[Records excerpted from a collection]
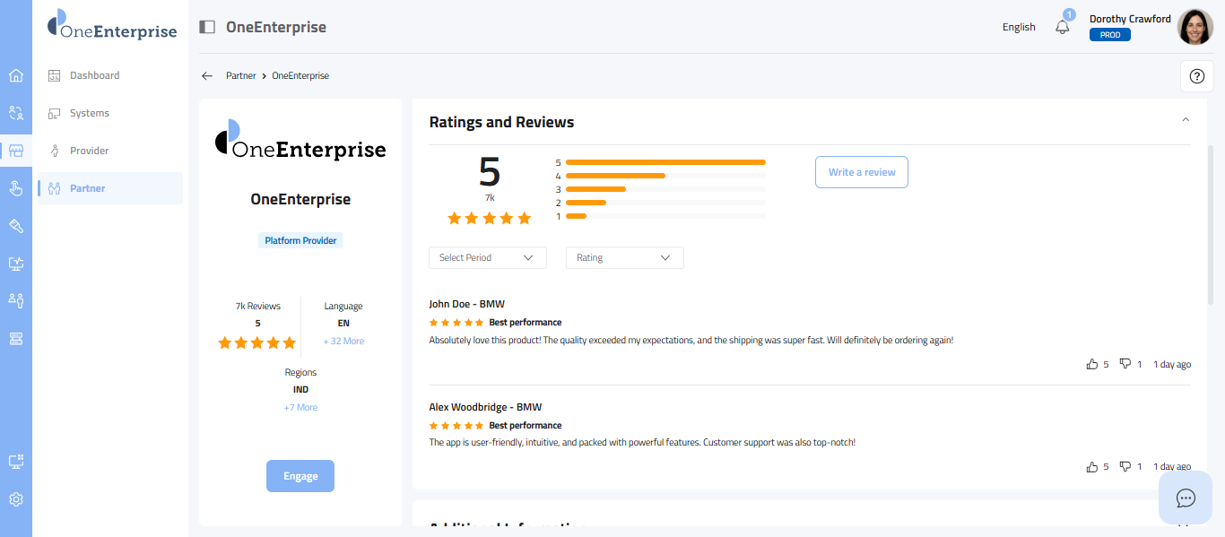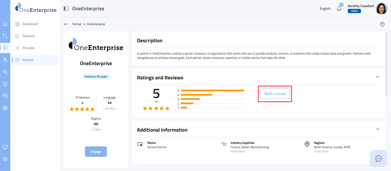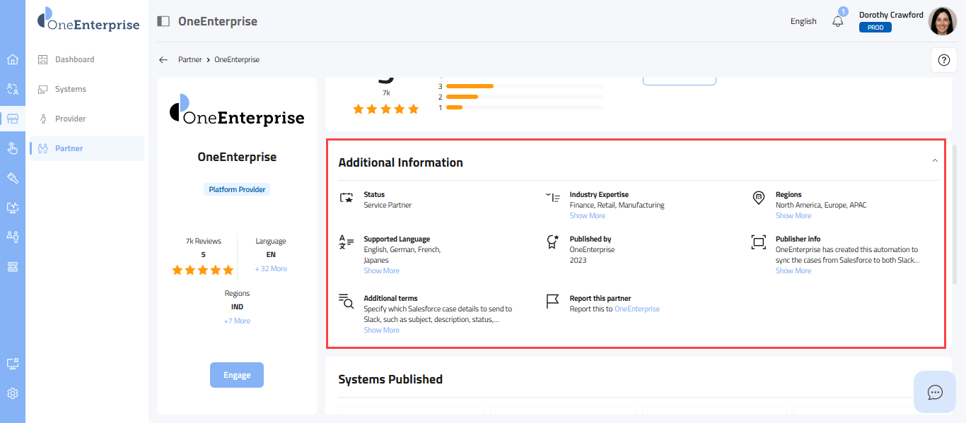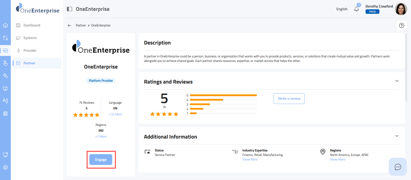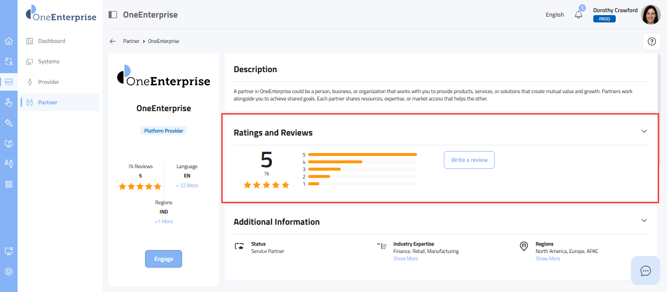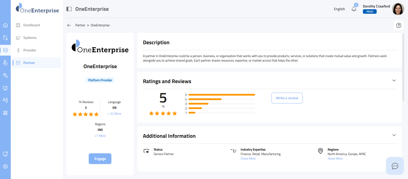 - This section provides a carefully selected set of details, starting with the partner's logo at the top, followed by the partner's name, the provider's name, the partner type (e.g., Sales, Marketing), the partner's status, its review and rating, the current language in use, supported languages, and the regions where the partner offers its services.
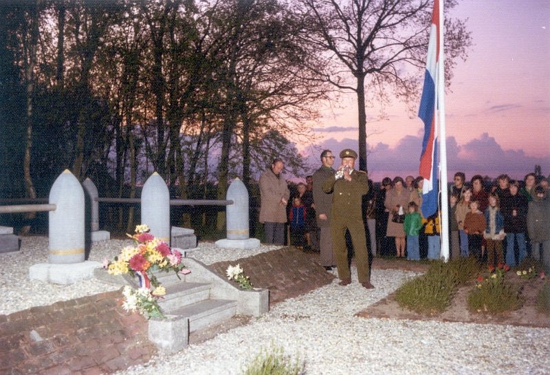 1975 Een militair speelt de 'Last Post', als eerbetoon aan de gesneuvelden. Foto voormalige gemeente Wouw / de Vierschaer |
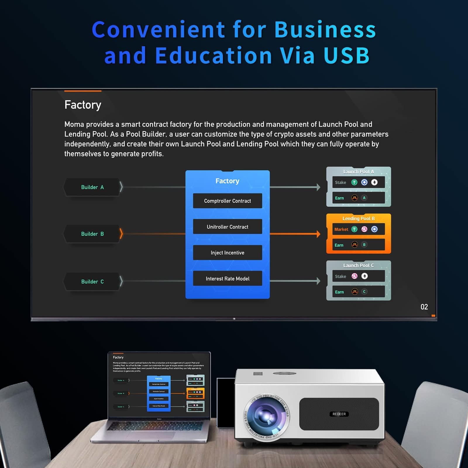 - 【Presentation via USB& Easily Upgrade System】This video projector can play Adobe PDF files Microsoft office directly via USB and view them on the projector.But others only support text format.Short throw projector is updating the software according to client’s request again and again.Redeer Projector 4K provides professional technical support. Any problems, please let us know anytime.
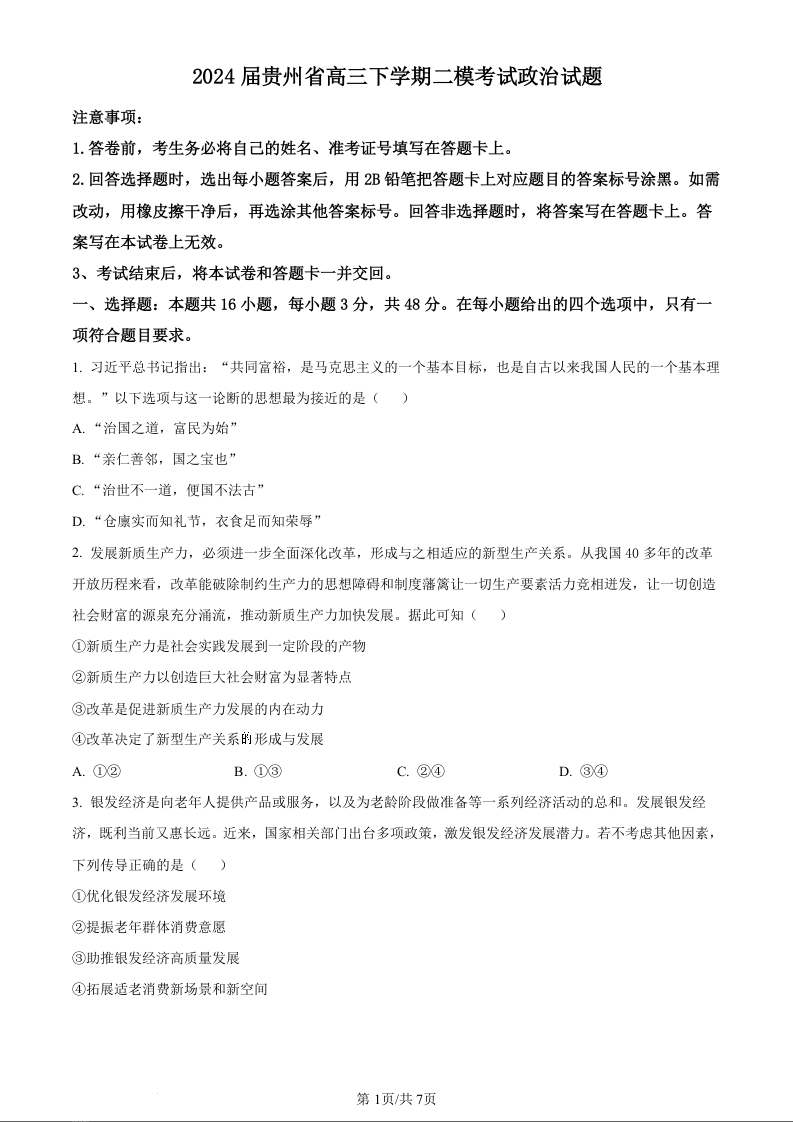 贵州省2024年高三年级4月适应性考试政治(原卷版)
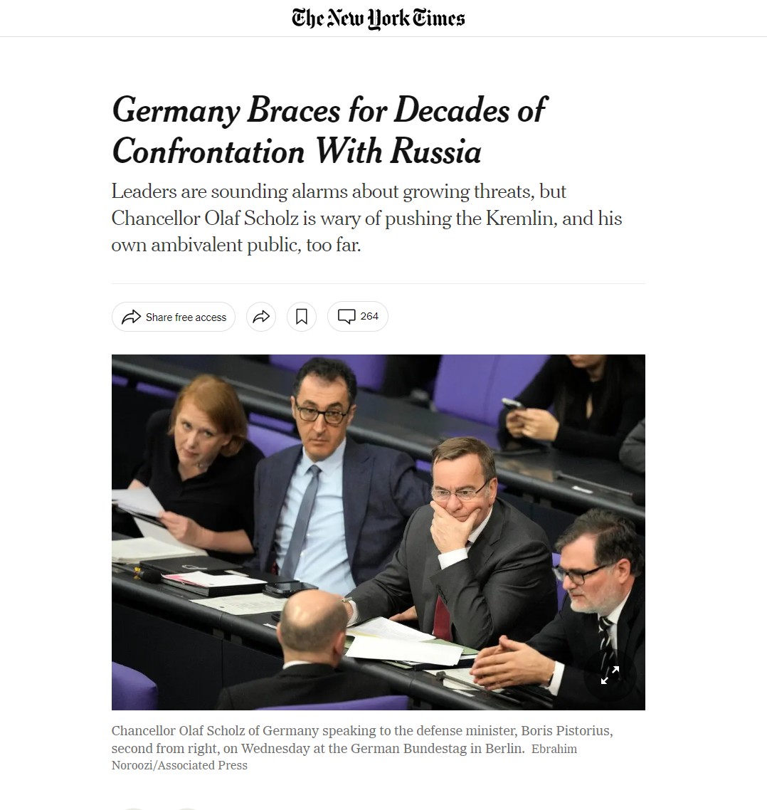 Немецкие официальные лица начинают говорить о возникновении "нового, сложного и тревожного мира, что будет иметь серьезные последствия для европейской и трансатлантической безопасности".
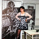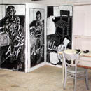 Linoldrucke auf Format: 3x2 m; Tisch und Stuhl, Telefon
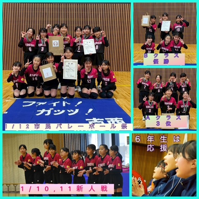 1/10,11愛知県小学生バレーボール新人大会尾張支部大会、1/12江南市民バレーボール大会が開催されました。まず新人戦。5年生以下のデビュー戦です。試合には何度も出た子達ですが6年生なしの試合緊張や不安そしてプレッシャーをたくさん感じた大会になりました。まだまだこれからのチーム、みんなで成長していきましょう!
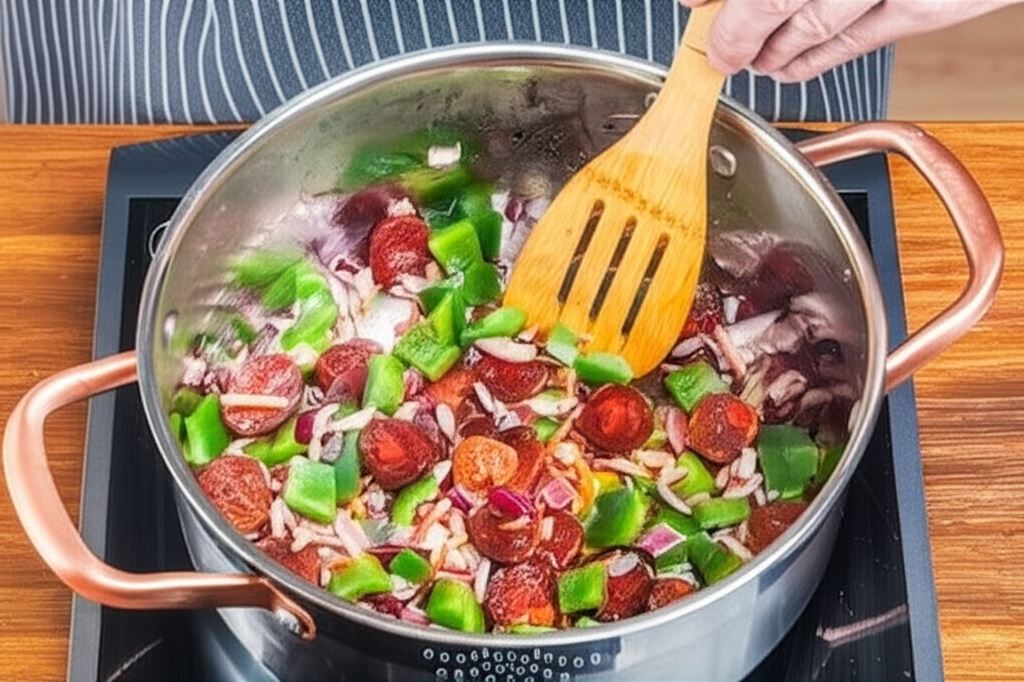 Posiekaj kiełbasę na grube kawałki lub talarki. Obsmaż wraz z posiekaną w kostkę cebulą i papryką.
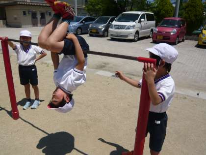 3年生は体育科で「てつぼう」の学習をしています。友だちとペアになり,お互いの技を見合って,「もう少し足をあげた方がいいなあ。」「上手!」など声を掛け合いながら頑張っています。
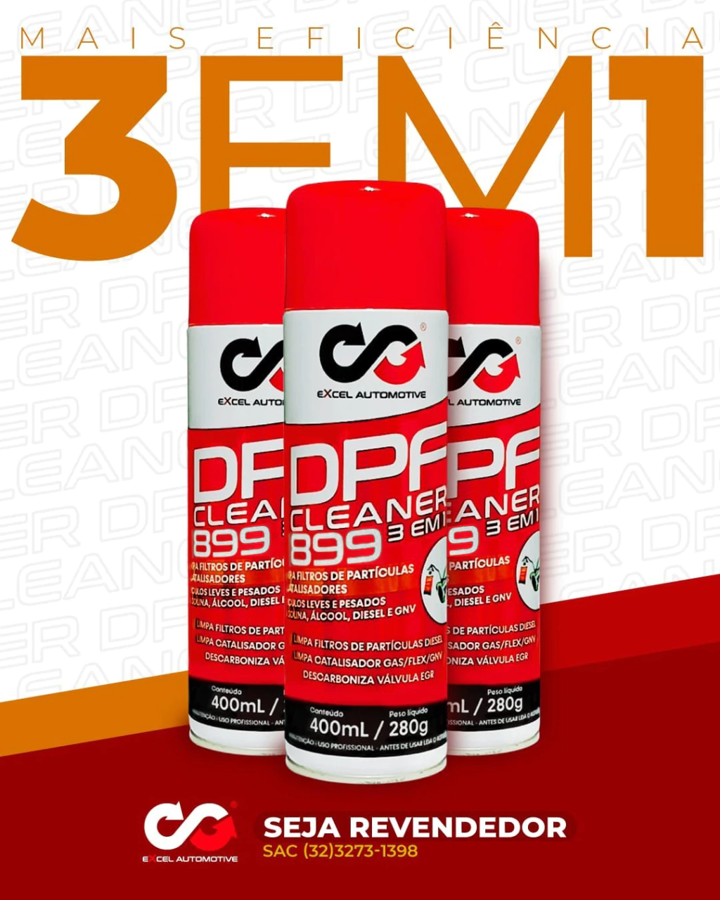 Produto de uso profissional, formulado para limpeza profunda de catalisadores e filtros de partículas (DPF) obstruídos por óleo ou fuligem.
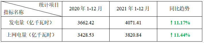表2:2021年1-12月核電電力生產(chǎn)指標(biāo)統(tǒng)計(jì)表
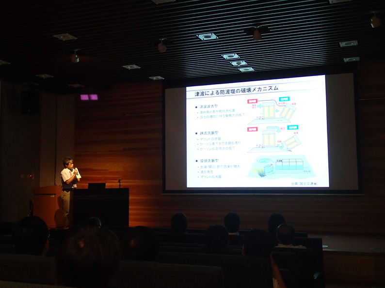 副センター長の司会で、センター長の講演に始まり、3部門(自然災害解析、防災まちづくり、災害文化)の各部門長からの概要説明と担当教員による個別成果を紹介しました。当日はデジカメなどで講演スライドを撮影する聴講者も多かったため、参加者が強い関心を持っていることがうかがえました。
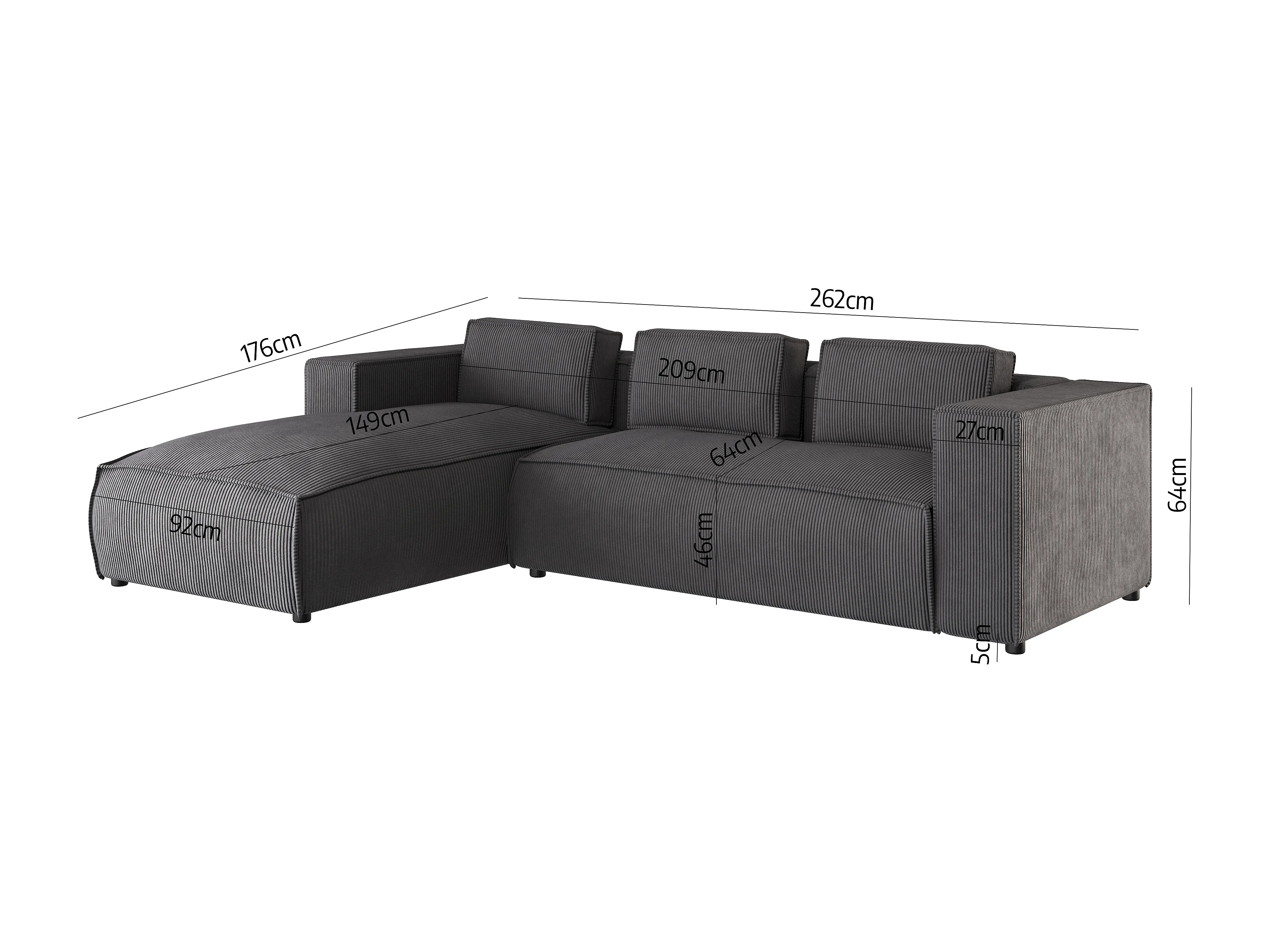 Ecksofa Vera mit Cord-Bezug und Moderne Optik

To do -
Set down the records precisely as they appear. Any picture stays out.

Result of this exercise -
 - This section provides a carefully selected set of details, starting with the partner's logo at the top, followed by the partner's name, the provider's name, the partner type (e.g., Sales, Marketing), the partner's status, its review and rating, the current language in use, supported languages, and the regions where the partner offers its services.
 1975 Een militair speelt de 'Last Post', als eerbetoon aan de gesneuvelden. Foto voormalige gemeente Wouw / de Vierschaer |
 - 【Presentation via USB& Easily Upgrade System】This video projector can play Adobe PDF files Microsoft office directly via USB and view them on the projector.But others only support text format.Short throw projector is updating the software according to client’s request again and again.Redeer Projector 4K provides professional technical support. Any problems, please let us know anytime.
 贵州省2024年高三年级4月适应性考试政治(原卷版)
 Немецкие официальные лица начинают говорить о возникновении "нового, сложного и тревожного мира, что будет иметь серьезные последствия для европейской и трансатлантической безопасности".
 Linoldrucke auf Format: 3x2 m; Tisch und Stuhl, Telefon
 1/10,11愛知県小学生バレーボール新人大会尾張支部大会、1/12江南市民バレーボール大会が開催されました。まず新人戦。5年生以下のデビュー戦です。試合には何度も出た子達ですが6年生なしの試合緊張や不安そしてプレッシャーをたくさん感じた大会になりました。まだまだこれからのチーム、みんなで成長していきましょう!
 Posiekaj kiełbasę na grube kawałki lub talarki. Obsmaż wraz z posiekaną w kostkę cebulą i papryką.
 3年生は体育科で「てつぼう」の学習をしています。友だちとペアになり,お互いの技を見合って,「もう少し足をあげた方がいいなあ。」「上手!」など声を掛け合いながら頑張っています。
 Produto de uso profissional, formulado para limpeza profunda de catalisadores e filtros de partículas (DPF) obstruídos por óleo ou fuligem.
表2:2021年1-12月核電電力生產(chǎn)指標(biāo)統(tǒng)計(jì)表
 副センター長の司会で、センター長の講演に始まり、3部門(自然災害解析、防災まちづくり、災害文化)の各部門長からの概要説明と担当教員による個別成果を紹介しました。当日はデジカメなどで講演スライドを撮影する聴講者も多かったため、参加者が強い関心を持っていることがうかがえました。
 Ecksofa Vera mit Cord-Bezug und Moderne Optik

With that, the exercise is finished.